On Monday, November 25, 2002, 11:15:06 PM, Mark wrote:

Tim Bray (I believe) wrote:
>> - That granted, forbidding an internal subset seems kind of dumb.
>> Speaking as an XML processor implementor, the extra code required is
>> hardly detectable and the performance gain not significiant.
>> Furthermore, every XML processor in the world just silently does the
>> internal subset and it's going to cost *extra work* for SOAP
>> implementations to check that they haven't.  I.e. you can't use an
>> ordinary off-the-shelf non-validating XML processor.

MN> Perhaps the WG has a good reason for this prohibition; have they been
MN> asked?

I discussed this with Yves Lafon the other day. The argument that a
message in a protocol has to be self-standing is fairly compelling -
it can't just buffer up while some other resource is fetched (perhaps
using a different protocol).

I have seen similar arguments for SVG Tiny - although it is deployed
in a bandwidth-challenged environment, bandwidth is not the major issue
and an SVG Tiny SVG file may well be larger than an equivalent SVG
Full if it includes raster images (using the data: protocol and
base64 encoding) because an MMS message that ses SVG needs to be
stand-alone and convey all the resources it will need for display.
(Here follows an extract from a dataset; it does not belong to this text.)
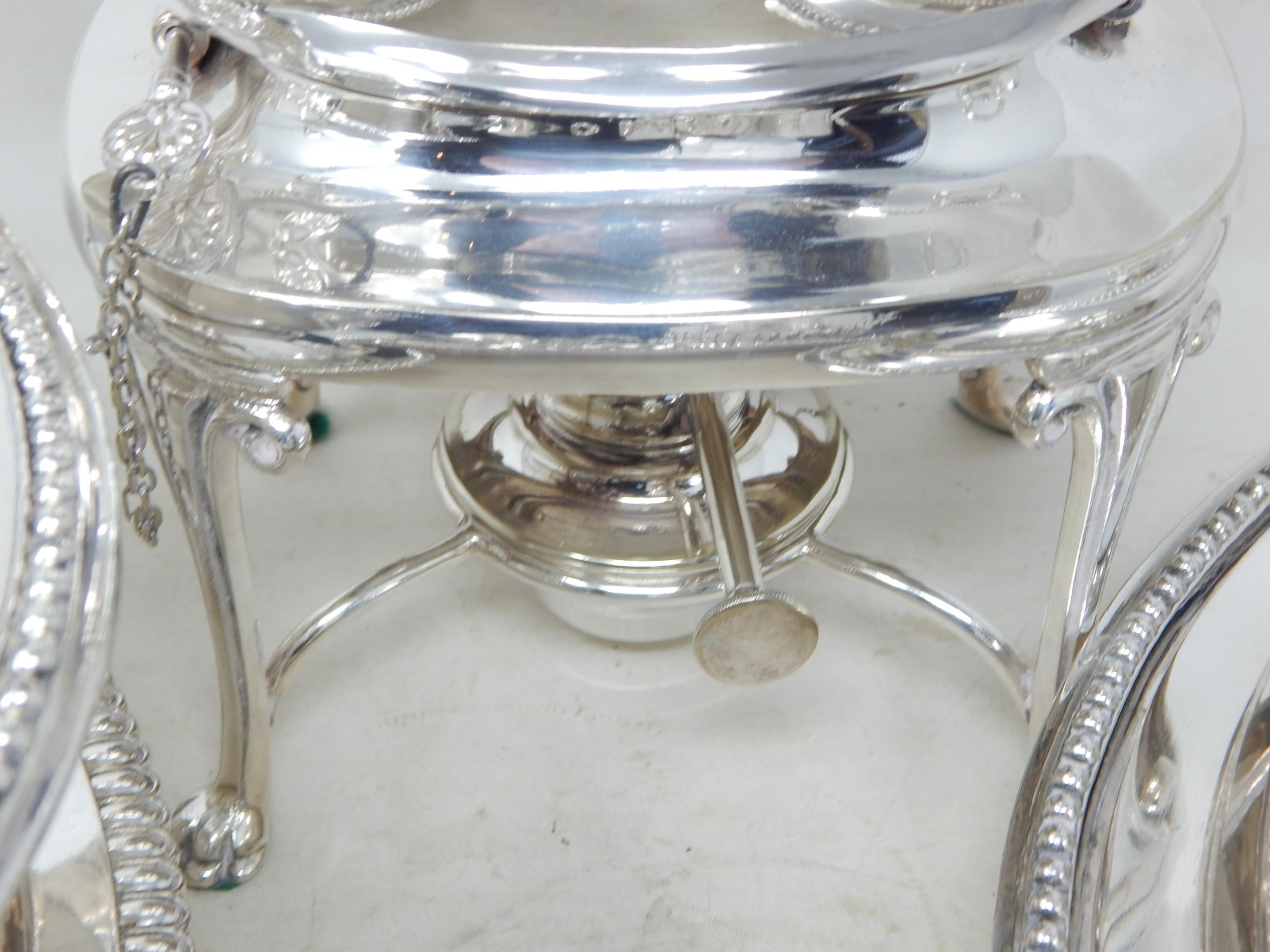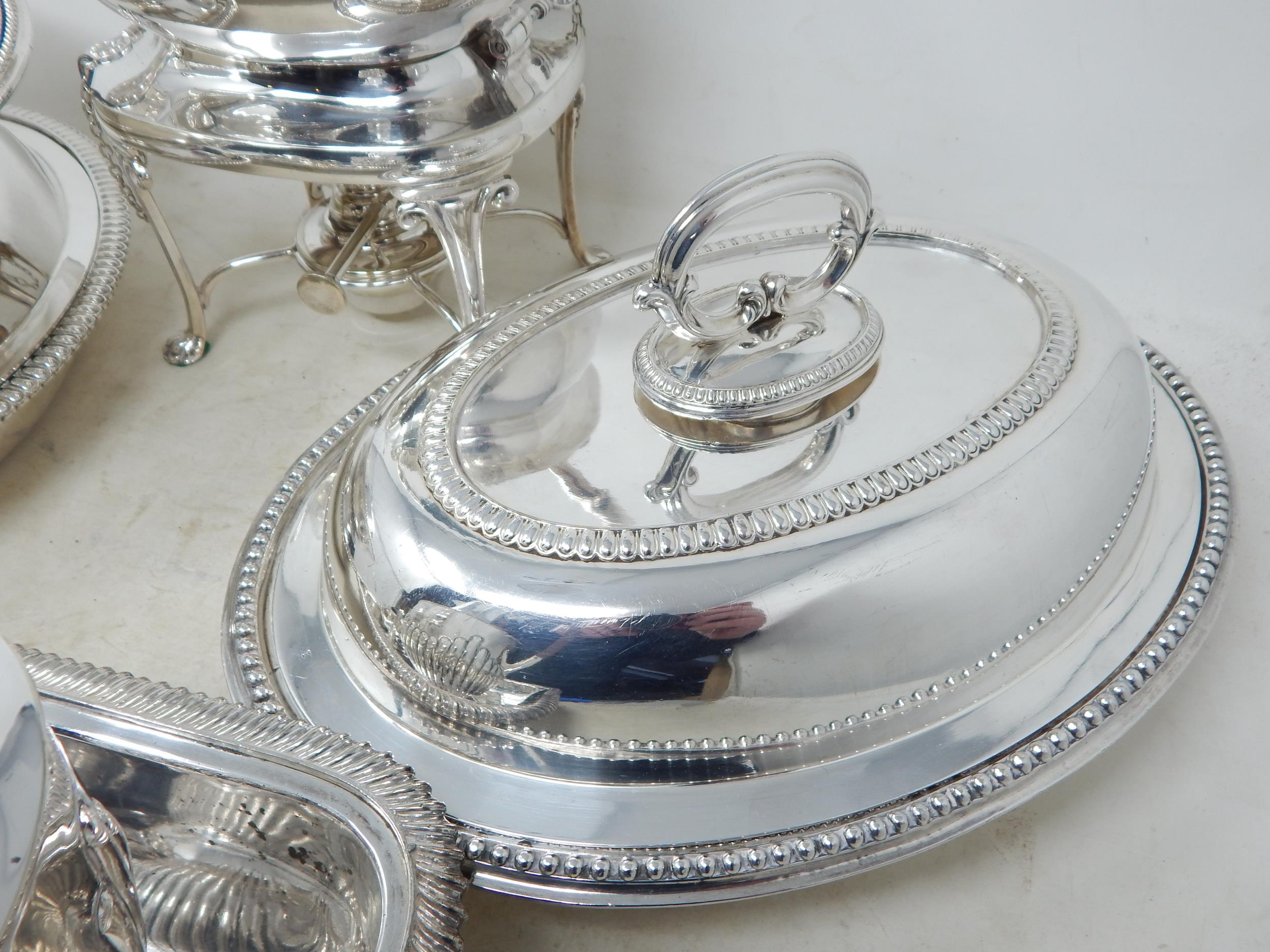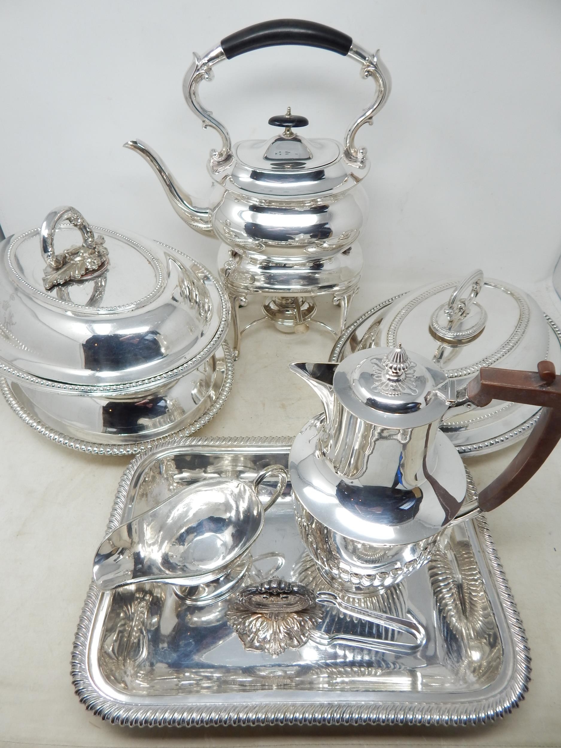 Quantity of 19th Century & Later Silver Plated Wares to Include a Tea Kettle on Stand with Burner, Entree Dishes etc (lot)

The
latency of the protocol means that fetching a secondary resource would
give noticeable lag times (several seconds, rather than several tens
of milliseconds) and, in the case of phone to phone messaging (in
other words, P2P) there *is* no server that can be asked for any
secondary resources - its a one-shot push not a pull.

The other argument that I have heard is the twin security holes of

 a) an external parsed entity that deliberately is large, or on a
 server that deliberately operates at a few bytes a minute

 b)  a power-series entity expansion DoS attack:

<!ENTITY x "abcdefg">
<!ENTITY x2 "&x;&x;">
<!ENTITY x3 "&x2;&x2;">
<!ENTITY x4 "&x3;&x3;">
<!ENTITY x5 "&x4;&x4;">
<!ENTITY x6 "&x5;&x5;">
<!ENTITY x7 "&x6;&x6;">
<!ENTITY x8 "&x7;&x7;">
<!ENTITY x9 "&x8;&x8;">
<!ENTITY xa "&x9;&x9;">
<!ENTITY xb "&xa;&xa;">
<!ENTITY xc "&xb;&xb;">
<!ENTITY xd "&xc;&xc;">
<!ENTITY xe "&xd;&xd;">
<!ENTITY xf "&xe;&xe;">

x is 8 bytes long (in UTF-8; 16 bytes as a DOMString) xf is 128kb long
(256k as a DOM string).

It would be fairly trivial to have an entity that was some terrabytes
in size using this method.

But then I ask myself - does SOAP prohibit messages that are over
large due to the simpler and less devious method of just having a very
large message?

-- 
 Chris                            mailto:chris@w3.org

Received on Friday, 29 November 2002 06:57:58 UTC